Word for word, set down every line of the entries below from the line with "Персонализирано колие Dot" to the line with "都市密度がそれほど高くない郊", including both, and no other line.
*** Opening INFORMATION ***
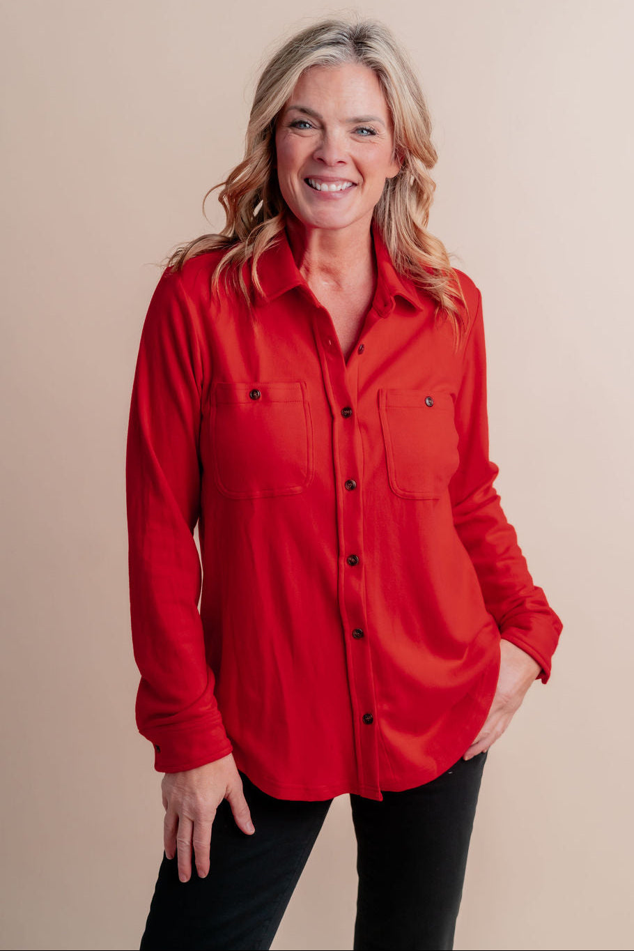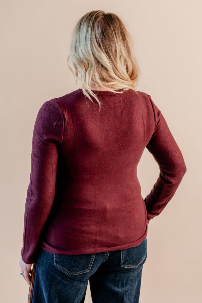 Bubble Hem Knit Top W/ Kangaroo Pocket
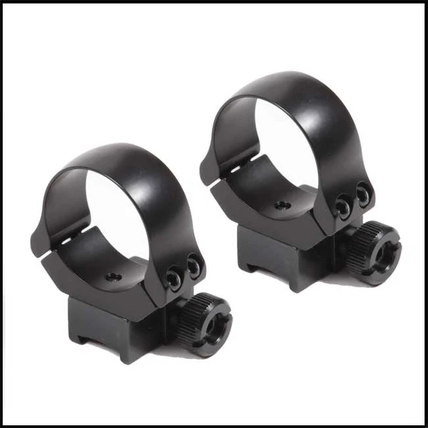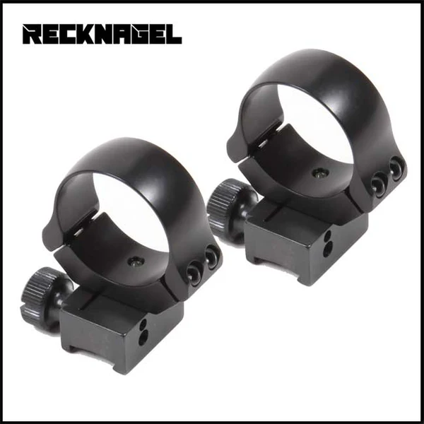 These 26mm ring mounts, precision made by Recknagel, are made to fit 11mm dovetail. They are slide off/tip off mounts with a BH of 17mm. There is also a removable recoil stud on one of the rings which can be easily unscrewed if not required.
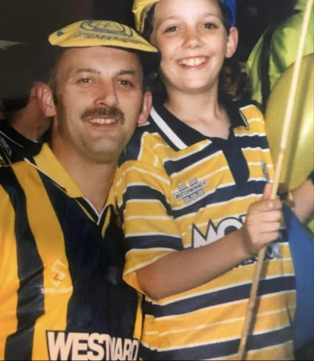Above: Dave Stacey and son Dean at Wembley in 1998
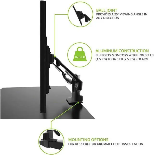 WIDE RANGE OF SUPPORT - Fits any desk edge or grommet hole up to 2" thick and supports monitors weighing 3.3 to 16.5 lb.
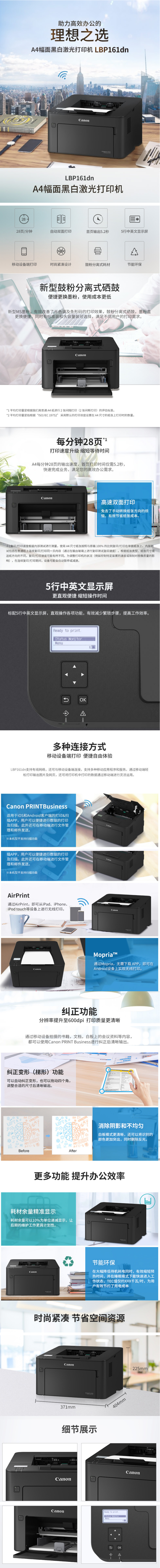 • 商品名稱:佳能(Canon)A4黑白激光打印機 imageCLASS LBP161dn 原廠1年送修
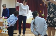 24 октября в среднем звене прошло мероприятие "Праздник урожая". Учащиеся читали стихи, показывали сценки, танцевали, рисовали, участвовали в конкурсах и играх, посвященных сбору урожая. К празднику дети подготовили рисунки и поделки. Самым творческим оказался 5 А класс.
*** Closing INFORMATION ***
*** Opening INFORMATION ***
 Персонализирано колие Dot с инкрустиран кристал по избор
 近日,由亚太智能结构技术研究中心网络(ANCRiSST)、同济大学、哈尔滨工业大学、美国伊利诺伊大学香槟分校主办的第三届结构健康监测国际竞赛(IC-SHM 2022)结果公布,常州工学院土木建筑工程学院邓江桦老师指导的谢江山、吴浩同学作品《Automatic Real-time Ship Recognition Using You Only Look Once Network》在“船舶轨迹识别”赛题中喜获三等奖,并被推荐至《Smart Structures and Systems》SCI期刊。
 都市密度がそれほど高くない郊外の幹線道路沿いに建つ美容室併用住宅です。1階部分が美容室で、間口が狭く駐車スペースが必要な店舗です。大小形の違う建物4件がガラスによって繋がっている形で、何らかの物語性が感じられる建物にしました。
*** Closing INFORMATION ***
WRITTEN SOLUTION:
 Персонализирано колие Dot с инкрустиран кристал по избор
 近日,由亚太智能结构技术研究中心网络(ANCRiSST)、同济大学、哈尔滨工业大学、美国伊利诺伊大学香槟分校主办的第三届结构健康监测国际竞赛(IC-SHM 2022)结果公布,常州工学院土木建筑工程学院邓江桦老师指导的谢江山、吴浩同学作品《Automatic Real-time Ship Recognition Using You Only Look Once Network》在“船舶轨迹识别”赛题中喜获三等奖,并被推荐至《Smart Structures and Systems》SCI期刊。
 都市密度がそれほど高くない郊外の幹線道路沿いに建つ美容室併用住宅です。1階部分が美容室で、間口が狭く駐車スペースが必要な店舗です。大小形の違う建物4件がガラスによって繋がっている形で、何らかの物語性が感じられる建物にしました。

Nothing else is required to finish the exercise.